Bem-vinda ao Jazz

Tudo começou com um frio que me pegou desprevenida.
Uma caminhada gelada, sem roupa térmica, a meia fina, o ar entrando como navalha pelo nariz. E depois disso, a garganta reclamou. Veio a tosse e o silêncio.

A voz foi embora devagar, como quem avisa, mas não é ouvida.
Tentei cuidar.
Três litros de água, chá atrás de chá, pastilhas, mel, inalações com soro, gargarejo de água e sal, silêncio absoluto. Passei dias em modo monge.

Mas a apresentação estava marcada. Domingo. 16:30.

Pago com antecedência.

E minha garganta ainda ardia. Cada melhora era pequena, mas eu seguia acreditando.
Uma fé miúda, mas constante.

Chegou o dia.
Garoa o tempo inteiro.
Chegamos no local e a mesa de som não colaborava. Meu pai, com o teclado que dependia dela, saiu correndo pra buscar outro. Voltou. A fonte do teclado? Estava em casa. Lá foi ele, de novo, correndo. Eu fiquei no Largo da Borges, cuidando das coisas. Calada.
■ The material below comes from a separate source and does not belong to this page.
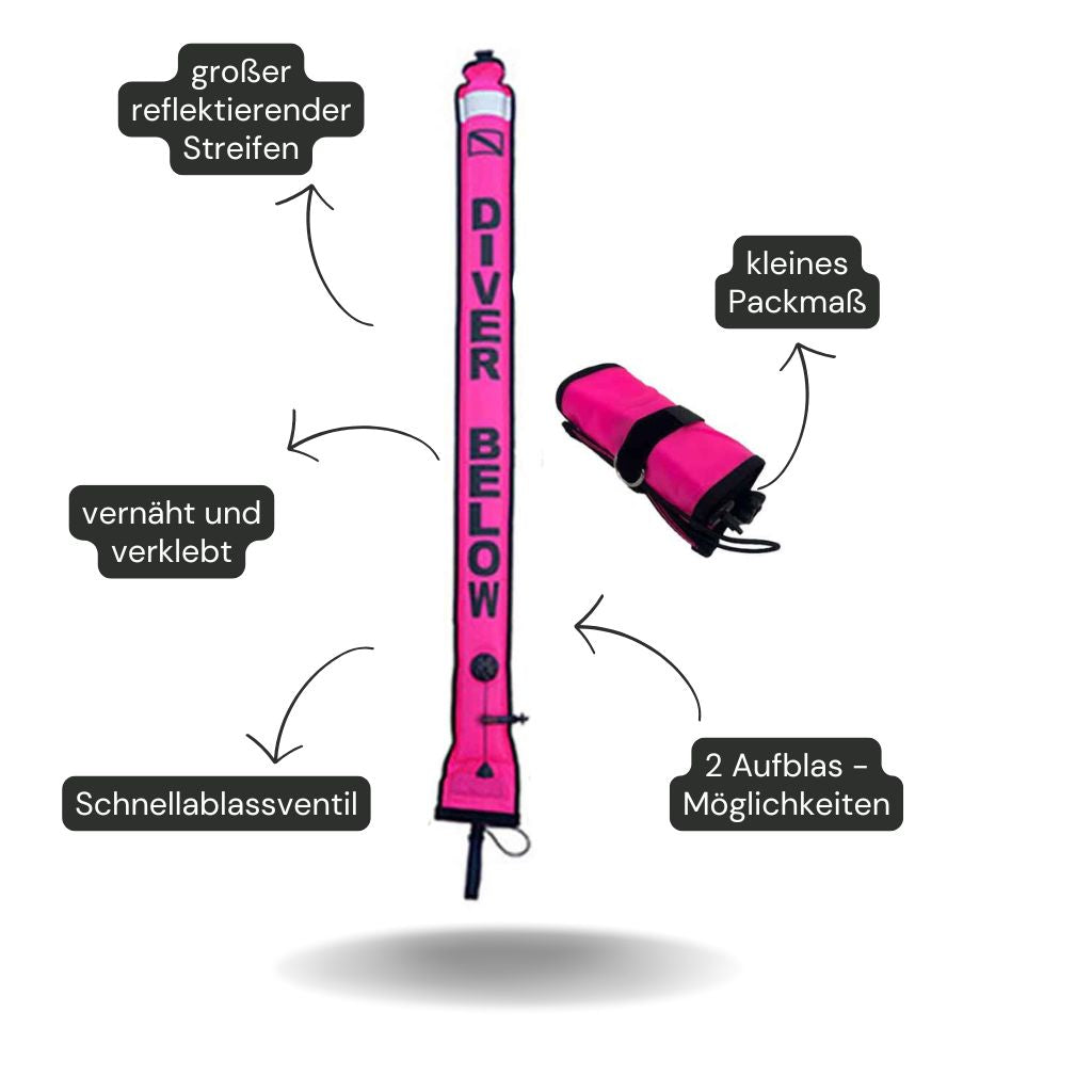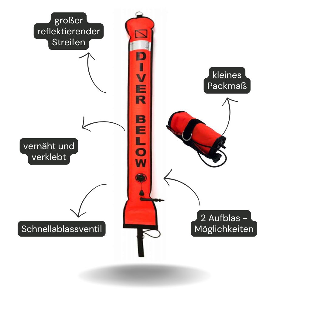 Geeignet für Gerätetaucher um Sichtbarkeit beim Aufstieg und Sicherheit an der Oberfläche zu erhöhen.

Esperando.

Começamos a tocar às 17:10.
Nada de sequência de músicas, nada de planos. 

“Qual vai agora?” “Não sei.”


Eu não alcançava os agudos. Não forcei.
Transformei os agudos em graves, mudei as melodias de última hora, improvisei com o que eu tinha.
Achei tudo um horror.
Meu pai riu e disse:
Bem-vinda ao Jazz.

E naquele instante, entendi.
É isso. Improviso. Sobrevivência com estilo.

O público sumiu, mas duas pessoas aplaudiram.
E no final, o pessoal da loja de chá elogiou, e meu pai contou sobre a minha voz.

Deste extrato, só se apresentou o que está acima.